Stenzl kann dem nicht folgen: Wenn ein Mann
einen bösartigen Tumor hat und auf Grund seiner
physischen und psychischen Konstitution durchaus
noch eine Lebenserwartung von zehn Jahren haben
kann, „kann man nicht einfach zusehen – das ist nicht
fair, da sollte man behandeln!“
Prostatakrebs in jungen Jahren ist äußerst aggressiv, aber glücklicherweise auch selten. Der neue Urologie-Chef ist entschieden dafür, mit 45 Jahren mit
den Vorsorge-PSA-Tests zu beginnen, bei familiärer
Krebsvorbelastung bereits mit 40. Wenn keine
Symptome festgestellt werden, reicht Vorsorge im
Zweijahres-Abstand. Die gesetzlichen Krankenkassen
in Deutschland freilich zahlen den PSA-Test nicht, im
Gegensatz zu Österreich, wo nicht zuletzt die Innsbrucker Untersuchung überzeugt hat.
Bei der Therapie eines Prostatakarzinoms stehen
Stenzl zufolge Operation und Bestrahlung gleichwertig nebeneinander. „Auf jeden Fall besteht bei
Prostatakrebs Behandlungsbedarf.“ Die Angst der
Männer vor anschließender Impotenz ist, sagt Stenzl,
unbegründet: „Wir können heute zum Beispiel so
operieren, dass nicht nur der Schließmuskel erhalten
bleibt, sondern auch die Potenznerven verschont
werden, wenn das vom Tumor her möglich ist.“
Wenn die Potenznerven aber entfernt werden
müssen, „können wir – gleich im Rahmen der Tumoroperation – aus dem Unterschenkel sensitive Nerven
nehmen und die entfernten Potenznerven damit
mikrochirurgisch rekonstruieren“. 80 bis 90 Prozent
der Patienten mit einem Prostatakarzinom in günstigen Stadien können laut Stenzl mit Heilung rechnen.
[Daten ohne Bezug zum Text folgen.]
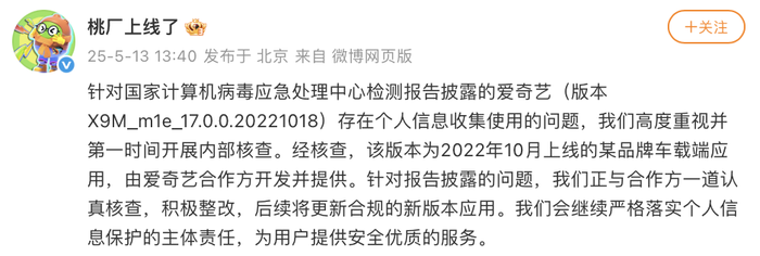 5月13日,爱奇艺公司官方发言人@桃厂上线了 发文称,针对国家计算机病毒应急处理中心检测报告披露的爱奇艺(版本X9M_m1e_17.0.0.20221018)存在个人信息收集使用的问题,公司高度重视并第一时间开展内部核查。经核查,该版本为2022年10月上线的某品牌车载端应用,由爱奇艺合作方开发并提供。针对报告披露的问题,公司正与合作方一道认真核查,积极整改,后续将更新合规的新版本应用。公司会继续严格落实个人信息保护的主体责任,为用户提供安全优质的服务。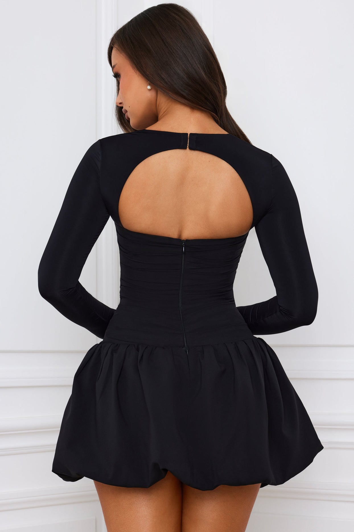 Long-Sleeve Bubble Hem Mini Dress in Black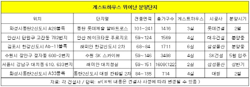 이 밖에도 대우건설이 경기 안산 고잔동에 분양중인 ‘레이크타운 푸르지오’와 삼성물산이 경기 김포 한강신도시에 분양중인 ‘래미안 한강신도시 2차’도 각각 4실과 6실의 게스트하우스를 마련, 5.4m의 높은 층고를 이용한 개방감이 뛰어난 공간을 선보일 예정이다.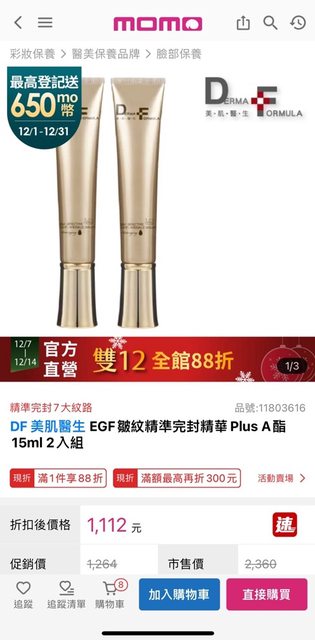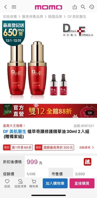 標題[情報] DF美肌醫生 momo雙12組合+滿額贈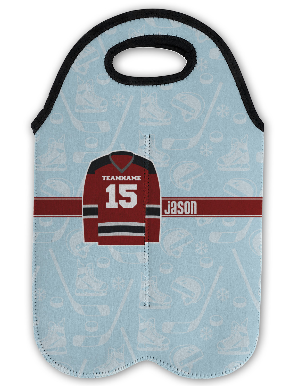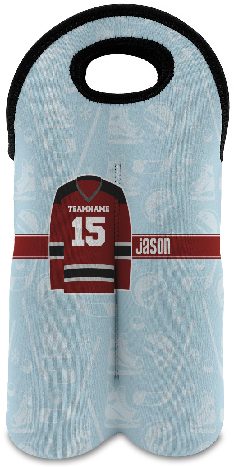 This design features a white background, reminiscent of ice, with hockey pucks repeating on it. The main design has a red hockey jersey in the foreground that can be customized with your favorite team's colors. This design perfect for any die-hard hockey fans!
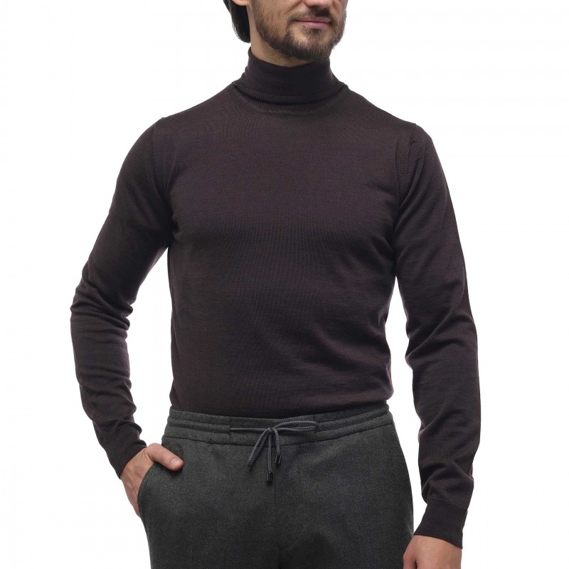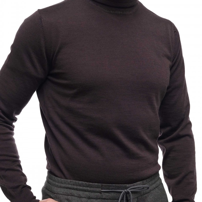 Pulover din lana merinos 100%, cu guler tip helanca.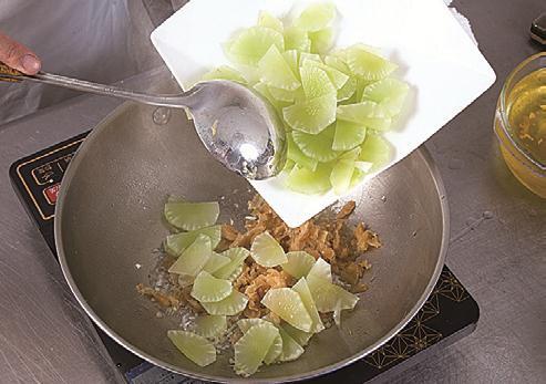1 火腿洗净,上屉用旺火蒸熟,取出切成小片;虾仁去虾线、洗净,沥干水分,切成两段。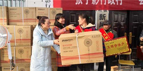 太康縣商務局為38戶受表彰的先進家庭頒發(fā)了獎牌和價值300元的電熱扇。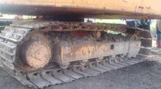 ユンボのキャタピラのあたりはこのようになっています。ふだんあまり見ることのない部分ですし、せっかくなのでアップいたします。なお、現場はユンボが景気よく土をかき出し、ダンプがひっきりなしに出入りしているため、つねに地面が揺れています。そのため、ぐっさんは、軽く船酔い的な感じになっています。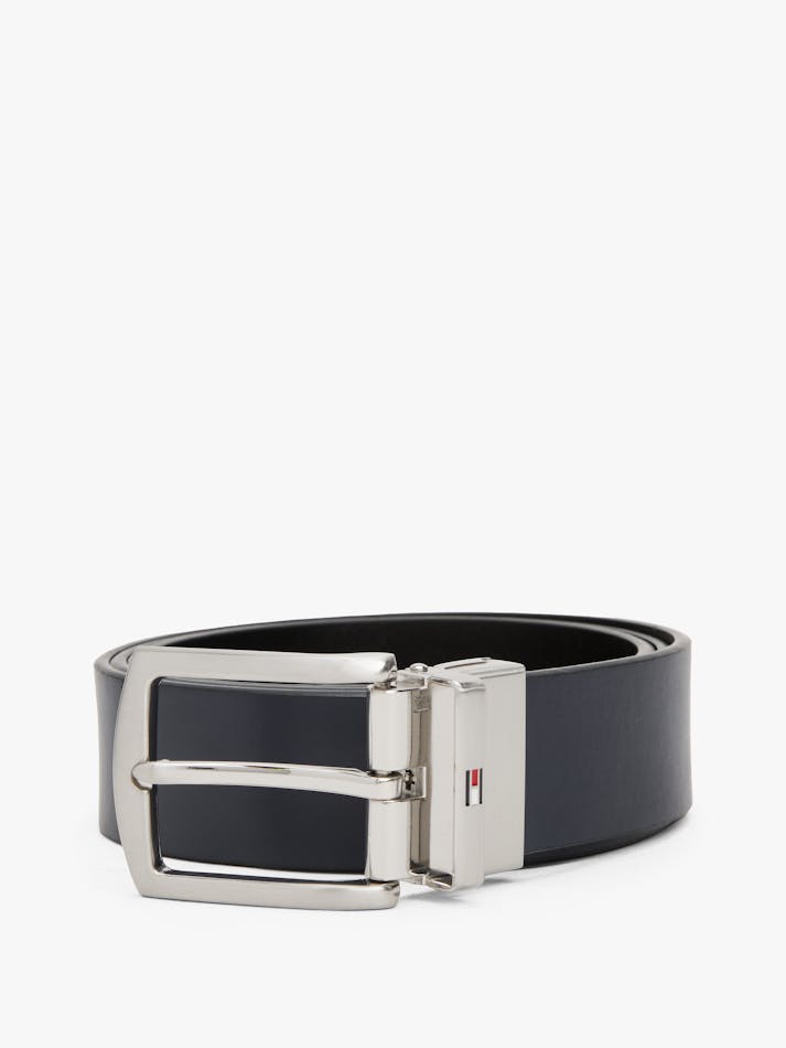Get two looks in one with this reversible leather belt that showcases luxe hardware and a touch of signature branding.

„Sie haben dann die gleiche Lebenserwartung wie
jeder andere, der nie einen solchen Tumor hatte.“
Minimal invasive Chirurgie ist bei der Prostata möglich, aber es besteht da noch ein Problem bei der
Potenzerhaltung. Diesbezüglich hat die sogenannte
Brachytherapie Vorteile. Dieses Verfahren, bei dem
radioaktive Strahlenquellen in der Vorsteherdrüse
flächendeckend deponiert werden, wird angewendet
vor allem bei nicht operablen Tumoren oder Patienten, die nicht operiert werden wollen.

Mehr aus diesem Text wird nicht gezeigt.